The claim that will be filed against the Trump Enterprises Inc is very similar to the claim brought
up against Kottmans Transmission Inc.

Intention
There was never any intent to put anyone in danger. To constitute an intentional tort, the
defendants act must be expressly or implicitly intended the resulting harm ended not be
intended (Emerson 454). And because there was nothing expressly or implicitly intended, it
cannot be classified as an intentional tort.

Negligence
In a tort case arising out of negligence, the plaintiff must show four things: (a) there was a duty
imposed on the defendant in favor of the plaintiff (Emerson 455). Trump Enterprise Inc had a
duty to provide the new and working transmission to the Kottmans Transmission Inc. (b) the
defendant breached (violated) that duty (Emerson 455). Trump Enterprise breached that duty by
giving a faulty transmission to Kottmans to install into Faiths car. (c) The breach was the
proximate (natural or foreseeable) cause of the harm (causation) (Emerson 455). Because the
fault part was put into the car (even though it was unknowingly faulty), it still caused the car
accident. (d) Plaintiff suffered damages (Emerson 455). Faith smashed into a school bus
injuring the children inside due to the transmission slipping into high gear.

Strict Liability
Under the doctrine of strict liability, the defendant is liable for the plaintiffs injuries despite the
absence of negligence or intentional, wrongful acts (Emerson 460). The strict liability of some
manufacturers or employers is a matter of public policy based on the assumption that these
defendants are in a better position to shoulder the cost of injury than are potential plaintiffs
(Emerson 460). Providing faulty parts is an extreme liability because those companies, such as
Trump Enterprises Inc, are expected to provide working/useable parts for cars.

Defenses
Similar to the claim against Kottmans, could defend with comparative fault against Kottmans
and argue that the transmission itself wasnt fault but it was the mechanic that installed it the
wrong way.

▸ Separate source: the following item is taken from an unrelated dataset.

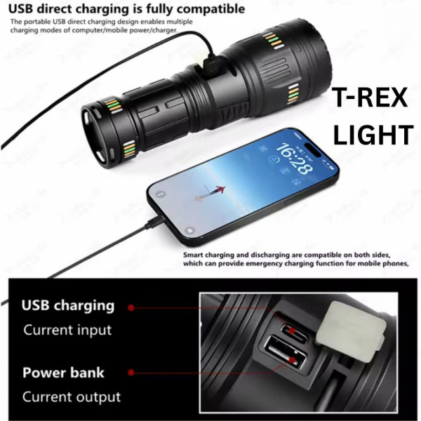 🔦 МОЩЕН АЛУМИНИЕВ LED ФЕНЕР T-REX LIGHT FA-G02 с функция външна батерия - GOZ

There was already evidence that Damian didnt know how to fix the transmission in
the first place. When the negligence of the plaintiff and the negligence of the defendant are
concurrent causes of the plaintiffs damages, any damages awarded to the plaintiff are reduced
by an amount proportionate to the degree of the plaintiffs fault (Emerson 472).

Remedies
Consequential damages are also allowed as part of the compensatory damages if the breaching
party knew or has reason to know that losses would result from the breach (Emerson 169).
These indirect damages can include injury and lost profits caused by faulty performance if the
principles of foreseeability and certainty are met (Emerson 169). Although there was no intent
to give the transmission company a faulty part, they still sent out the part and it caused an
accident.

Work Cited
Emerson, Robert W. Business Law. Hauppauge, NY: Barron's, 2015. Print.